[tz] Java & Rearguard
Guy Harris
guy at alum.mit.edu
Thu Jun 6 19:01:01 UTC 2019
On Jun 5, 2019, at 7:33 PM, Steve Summit <scs at eskimo.com> wrote:
> (As an aside: Is it my imagination, or was there a time when C
> had an array of 1, 2, or maybe more than 2 time zone strings,
> and you used tm_isdst as an index into them, such that tm_isdst
> functioned as a sort of an opaque token even though it had "dst"
> in its name?)
OK, time for another source dive!
V7:
https://minnie.tuhs.org/cgi-bin/utree.pl?file=V7/usr/src/libc/gen/timezone.c
had a timezone() function, which took an offset-in-minutes-from-UTC-with-west-of-UTC-being-positive argument and a "is this DST" argument, and looked up the zone in a table of North American time zone abbreviation names and returned either the result or, if it wasn't found, a string of the form "GMT{+,-}H:MM, with + being east of UTC and - being west of UTC.
4.2BSD:
https://minnie.tuhs.org/cgi-bin/utree.pl?file=4.2BSD/usr/src/lib/libc/gen/timezone.c
offered the same API, added some European and Australian time zones to the table, and allowed a TZNAME environment variable, of the form "std,dst", to be used to set the zone name.

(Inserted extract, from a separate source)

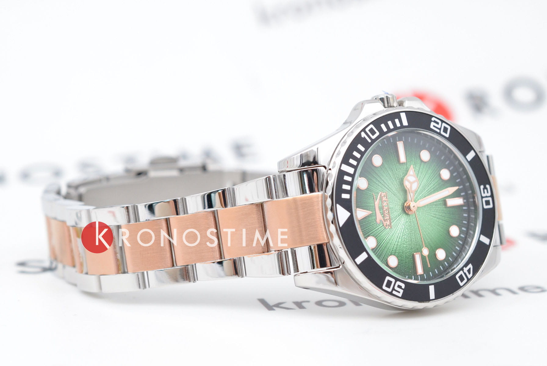 Женские кварцевые часы Slazenger — это элегантный аксессуар. Корпус диаметром 33 мм и толщиной 9 мм выполнен из суперметалла. Безель с IP-покрытиемIP-покрытиеМетод ионного напыления. Демонстрирует повышенную устойчивость к истиранию, окислению и химическим веществам. Под воздействием высокого давления и температуры около 1500°C молекулы металла надёжно соединяются с частицами корпуса часов.. Циферблат зелёного цвета оформлен индексами и стрелками. Циферблат защищён минеральным стекломМинеральное стеклоМинеральное стекло представляет собой искусственно выращенный минерал кварца. Такое стекло отличается особой устойчивостью к повреждениям и царапинам. Уступает по некоторым качествам сапфировому стеклу.. Механизм — кварцевый. Стрелки и метки с люминесцентным покрытиемЛюминесцентное покрытиеПозволяет считывать показания времени в темноте. Производители наносят на стрелки, часовые индексы, безель или поверхность циферблата светонакопительный состав, дающий холодное свечение., обеспечивающим хорошую читаемость в темноте. Часы оснащены браслетом из суперметалла с IP-покрытиемIP-покрытиеМетод ионного напыления. Демонстрирует повышенную устойчивость к истиранию, окислению и химическим веществам. Под воздействием высокого давления и температуры около 1500°C молекулы металла надёжно соединяются с частицами корпуса часов. и раскладной застёжкойРаскладная застёжкаТакой тип застёжки используется только на браслетах из металла. Она никогда не раскрывается полностью, происходит разделение на 2 и более частей. Раскладывающая застёжка снизит вероятность потери часов к минимуму.. Водонепроницаемость 50 м позволяет использовать часы в повседневных условиях. Гарантия — 12 месяцев. Идеальный выбор для тех, кто ценит стиль и качество.
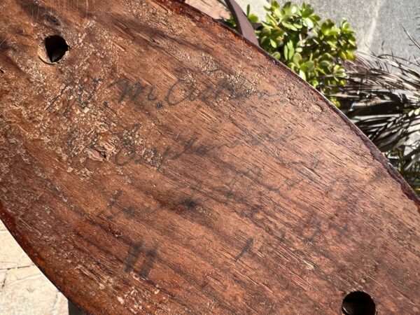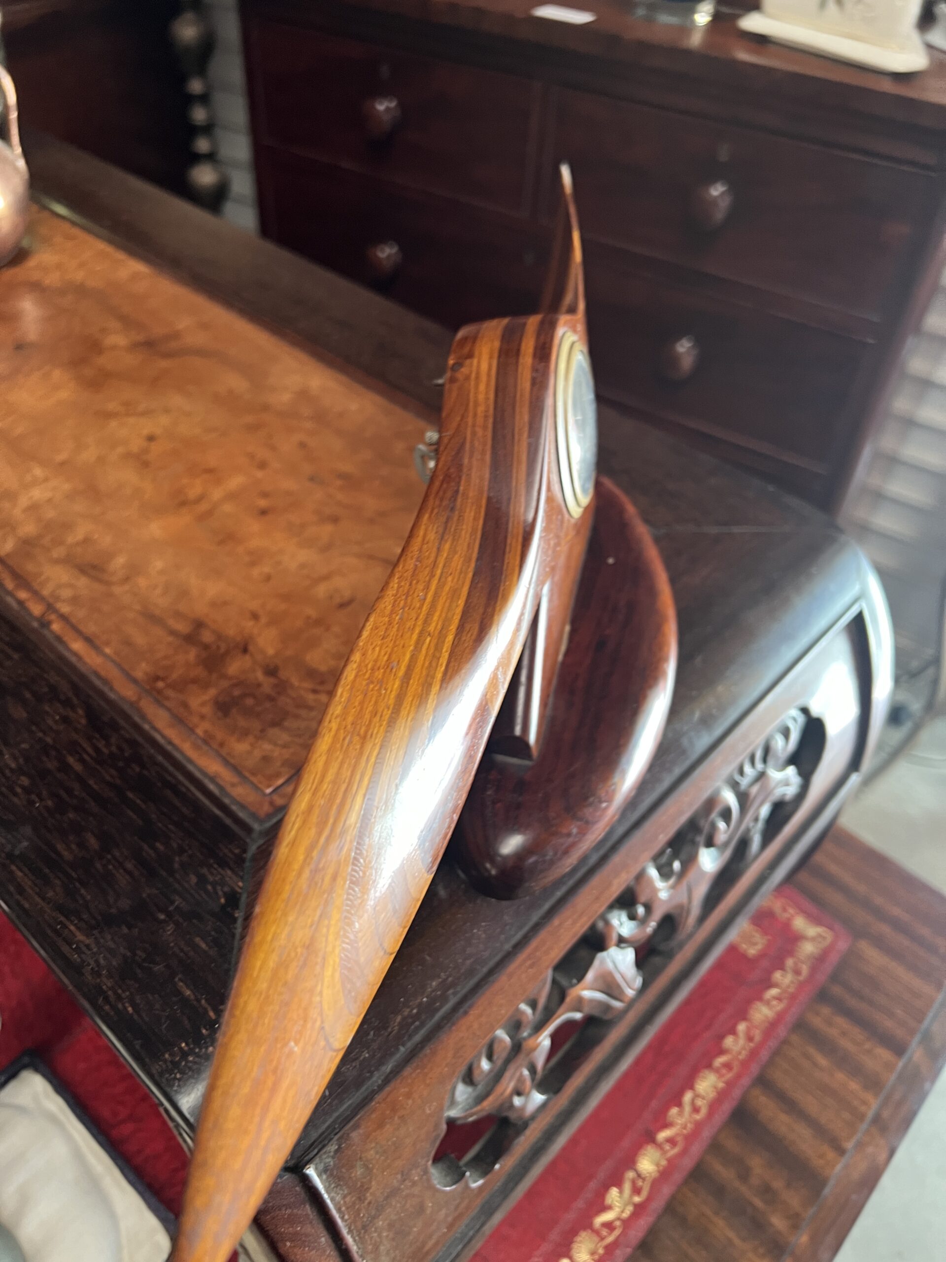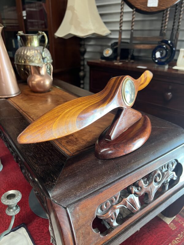 A laminated propeller clock from Australian timbers with mechanical movement in good working order, signed W. M. Austin Esplanade South Perth WA 530 x 150

Dating back at least as far as System III:
https://minnie.tuhs.org/cgi-bin/utree.pl?file=SysIII/usr/src/lib/libc/pdp11/gen/ctime.c
the System Roman Numeral list of UNIXes had the tzname[] array, with 2 elements, the first of which was for "standard" time and the second of which was for "daylight saving" time. The System III man page for ctime():
https://minnie.tuhs.org/cgi-bin/utree.pl?file=SysIII/usr/src/man/man3/ctime.3c
doesn't explicitly say that you use tm_isdst as an index into tzname[], or that the first element is for "standard" time and the second is for "daylight saving" time, but
char *tzname[2] = {"EST", "EDT"};
somewhat suggests the latter.
The System Roman Numeral mechanism for getting the time zone name is what POSIX adopted.